Radiologia Brasileira - Publicação Científica Oficial do Colégio Brasileiro de Radiologia

In a series of previous editorials(1-3) we have discussed some relevant topics related to teleradiology. With the ever increasing digitization of Radiology services in our country, a new theme brings us again to the pages of this journal: which would the minimum required specifications be for the utilization of electronic displays in imaging diagnosis? Are there regulations or laws on this subject in Brazil?

Technically, there is a set of solid reasons pointing toward the utilization of high quality displays, moreover when one considers those imaging methods which provide finer details and variations gray scale such as the case of mammography. But would that display quality be necessary for computed tomography reporting, for example?

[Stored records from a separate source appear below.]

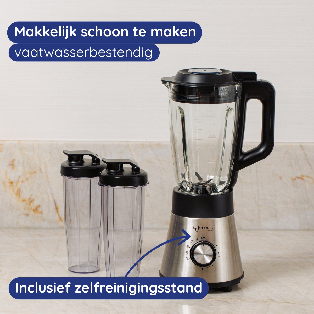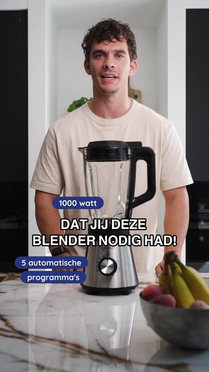 De Safecourt Blender is een krachtig en degelijk apparaat voor iedereen die dagelijks smoothies, soepen, noten en zelfs ijs wil verwerken zonder gedoe. Met een motor van 1300 watt, een ruime glazen kan van 1,5 liter en twee meeneembekers van 600 ml combineert hij brute kracht met praktische veelzijdigheid (bron: listing, gecontroleerd 2025). De bediening is eenvoudig dankzij vijf automatische programma’s, inclusief een eigen reinigingsstand.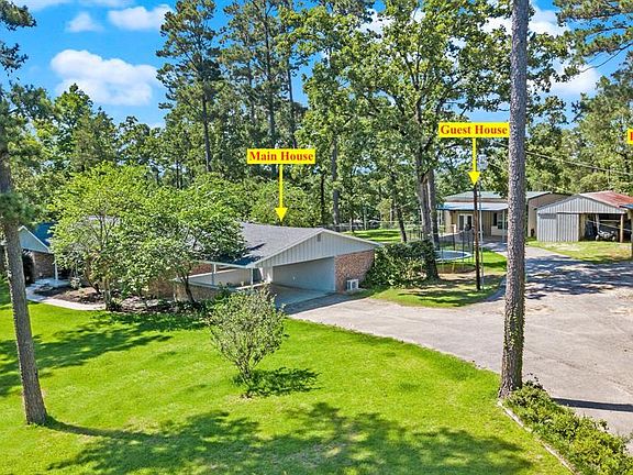 This unrestricted 4-Acre property contains a fully renovated 1-story main home, a 1,050 sq ft Guest House w/ fully fenced-in backyard, TWO (2) storage sheds (one of which is fully insulated w/ recessed lighting) and covered RV/Boat parking...all nestled below towering trees surrounding the entire property! The main home has a brand new Mud/Laundry Room w/ a new Full Bath (3 Full Baths total in main home & 4 Bedrooms). New double-pane windows, new ceramic "wood-look" tile floors, fresh interior paint, new carpet in bedrooms, new modern linoleum flooring in all bathrooms & mudroom, remodeled bathrooms, sliding barn doors, recessed LED lighting, SS appliances, & more. "Bug-be-gone" spray system around perimeter! The Guest House has it all...a large, covered carport, open Living & Kitchen area, a spacious bedroom w/ full bath, a washer & dryer (stays), & closet. See "Features & Upgrades" doc and photo captions for more details. Minutes to Lake Livingston and the main part of town!
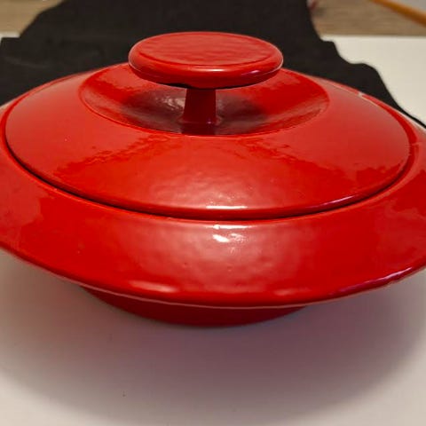 Pata on loistava käyttöesine, varsinkin liharuokien hauduttamiseen, mutta täyttää kyllä myös täysin keräilyn elementit. Pieniä emalivaurioita kannessa ja reunassa. Korkeus 15,5 cm ja pohjan halkaisija 26 cm, tilavuus 6 litraa.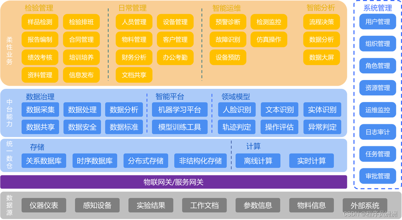 因为实验室的业务除了底层数据的接入、监测,更加涉及到如样品检验管理、资源管管理、运维管理、质量体系管理等一级、二级嵌套层级的业务架构。所以在设计业务框架时,可以进行如下设计: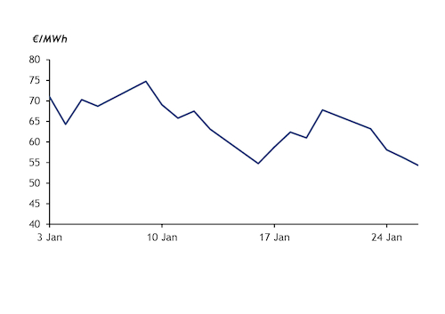 The Netherlands' TTF gas contract for front-month delivery moved below €50/MWh in February for the first time in nearly a year and a half.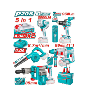Kit Inalambrico Taladro + Lampara + Soplador + Rotomartillo + Demoledor TOSLI251083 Total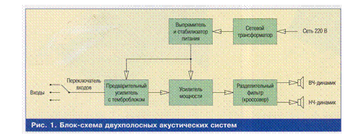 Типовая блок-схема двухполосных двухкомпонент-ных акустических систем показана на рис. 1. Для упрощения на ней изображен только один звуковой канал, второй выглядит аналогично (сетевой трансформатор и стабилизатор питания для обоих каналов общие). В акустических системах не используют импульсных блоков питания, создающих сильные помехи, а применяют традиционные силовые трансформаторы, выпрямители и компенсационные стабилизаторы. Если учесть КПД такого стабилизатора и усилителя мощности, можно смело сказать, что выходная мощность активных акустических систем не может превышать 50% мощности, потребляемой от сети.

It is necessary to know something about the nature of contrasts perception by the human eye, before going further into the discussion. A series of studies have demonstrated that our perception of the gray scale is both relative and adaptive, and depends upon the context of lighting in the environment we are in. In our contrast perception, the subjective differences of intensity among different luminosity levels or gray scale shades mainly depend upon the luminosity extremes in the environment we are in, and very little upon the luminosity ratio between the points of such scale. That happens because our eyes have evolved to be able to see both under the desert sunlight and at the twilight and in a moonlit night. Under each one of these contexts, the eyesight will unconsciously adapt in order to define a "white" and a "black". This means that as we look at a radiological image on an ultimate LCD display with a contrast ratio of 10,000:1, what we see as white is 10,000 times brighter than what we perceive as black. On the other hand, as we look at the same image on a conventional CRT display, it is very likely that what we see as being white is only 50 times brighter than what is perceived as being black. And, if we look at the screen of this old display for several days, we will become deeply convinced that its "black" and its "white" are in fact black and white. On the other hand, if we place such old display side by side with the ultimate LCD display, we may find that the black was only a darker gray on the higher resolution display, and that the white was only a light gray. It is such adaptability of the human eyesight which makes us perceive colors based on their context, and not on their absolute brightness values. And that can lead to misinterpretation of subtle or imaging findings at a chest radiograph or at mammograms, for example.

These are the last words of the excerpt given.